## Given material:
++++++++

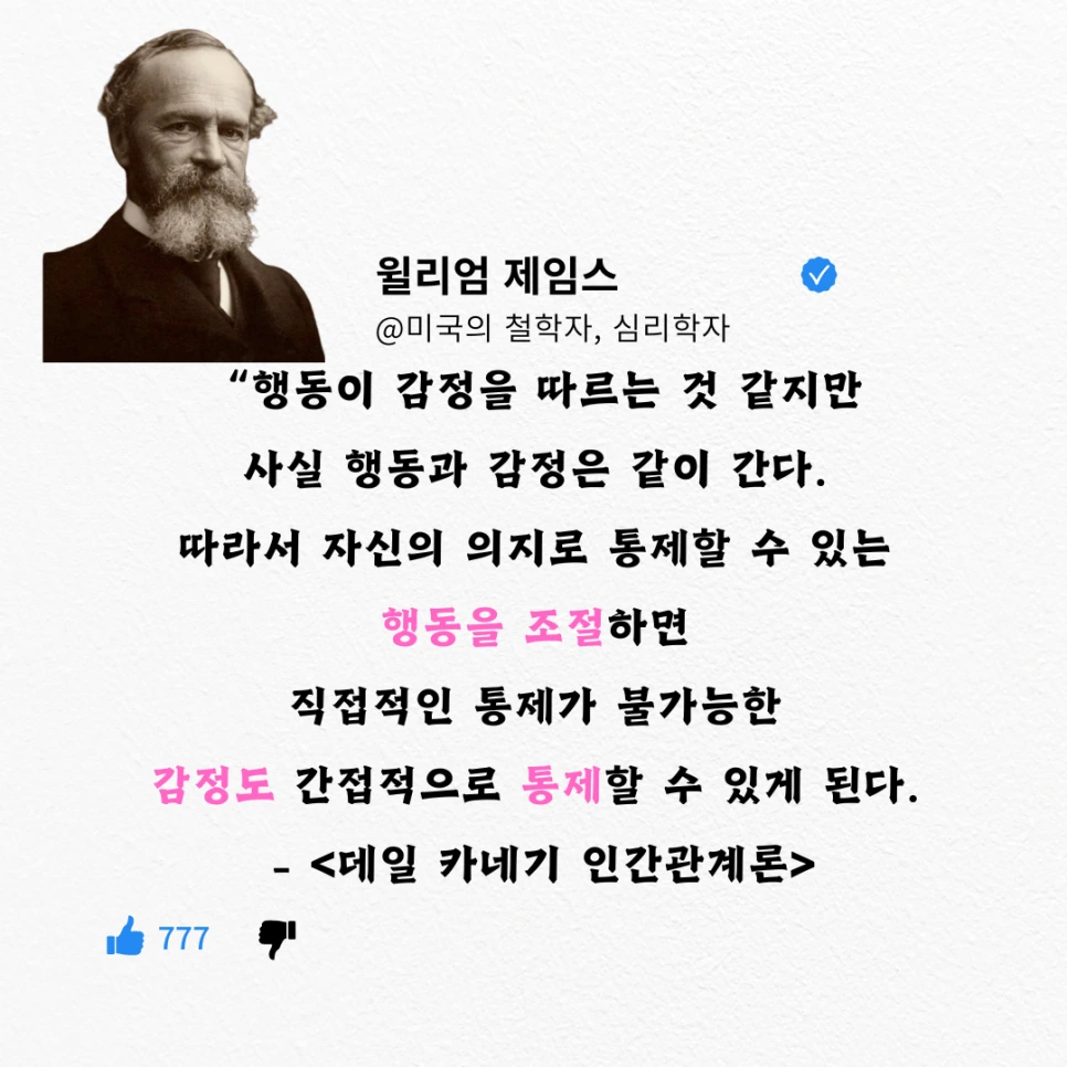 그래서 윌리엄 교수님은 행동을 통해서 감정을 조절할 수 있다는 것이죠.
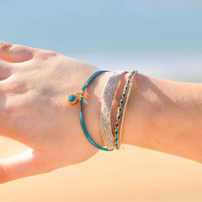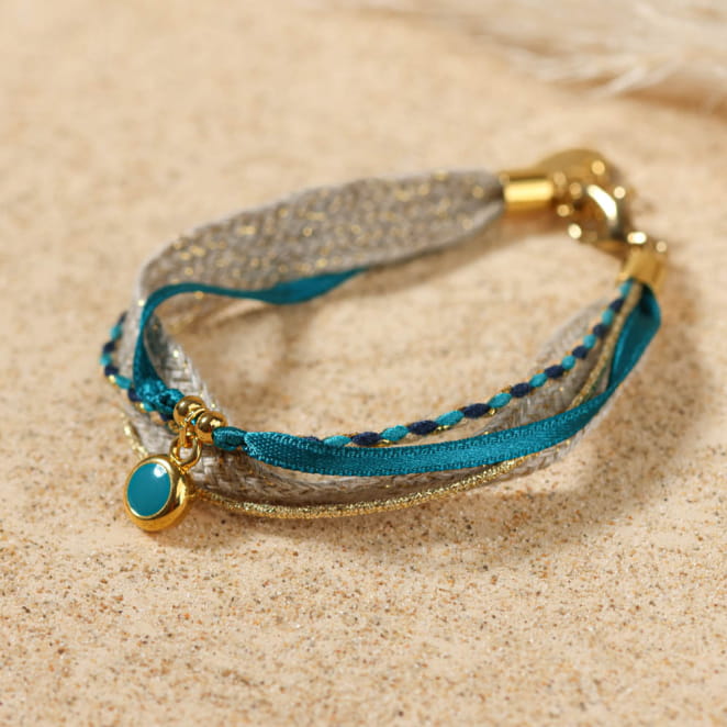 Adoptez un style bohème et raffiné avec le bracelet multi-brins Taiwan. Un ruban en lin naturel pour une touche authentique, un ruban satin bleu au doux éclat, un cordon multicolore en fil coton polyester pour une note vibrante et un fil polyester doré pour une subtile lumière. Une composition harmonieuse qui joue sur les textures et les reflets, à enrouler autour du poignet pour un effet délicatement estival.
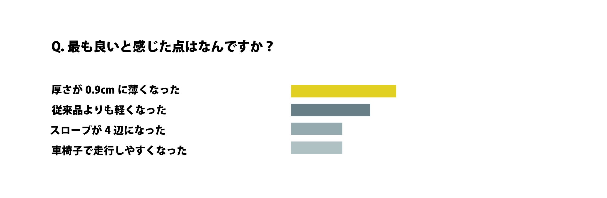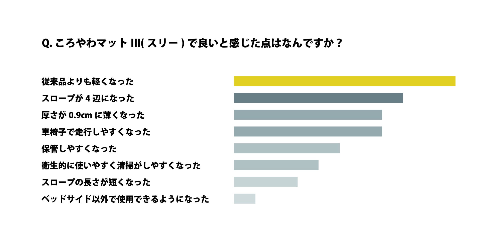 尚、先行モニターにご協力いただいた病院・介護施設11施設にて、『ころやわマットⅢ(スリー)』をお試しいただいたところ、現行品の評価を10点満点で5点とした場合、新製品『ころやわマットⅢ(スリー)』は平均8点という高評価をいただきました。また、回答者全員が「お奨めしたい」と評価いただいております。特に評価ポイントが高かったのは、「薄くなった」「軽くなった」「車椅子で走行しやすくなった」「スロープが4辺になった」という点で、さらに使いやすくなったころやわマットを医療・介護のプロが高く評価いただいております。

++++++++

## Problem details:
What the task needs is the material above repeated exactly, pictures excepted.

## Finished exercise:
 그래서 윌리엄 교수님은 행동을 통해서 감정을 조절할 수 있다는 것이죠.
 Adoptez un style bohème et raffiné avec le bracelet multi-brins Taiwan. Un ruban en lin naturel pour une touche authentique, un ruban satin bleu au doux éclat, un cordon multicolore en fil coton polyester pour une note vibrante et un fil polyester doré pour une subtile lumière. Une composition harmonieuse qui joue sur les textures et les reflets, à enrouler autour du poignet pour un effet délicatement estival.
 尚、先行モニターにご協力いただいた病院・介護施設11施設にて、『ころやわマットⅢ(スリー)』をお試しいただいたところ、現行品の評価を10点満点で5点とした場合、新製品『ころやわマットⅢ(スリー)』は平均8点という高評価をいただきました。また、回答者全員が「お奨めしたい」と評価いただいております。特に評価ポイントが高かったのは、「薄くなった」「軽くなった」「車椅子で走行しやすくなった」「スロープが4辺になった」という点で、さらに使いやすくなったころやわマットを医療・介護のプロが高く評価いただいております。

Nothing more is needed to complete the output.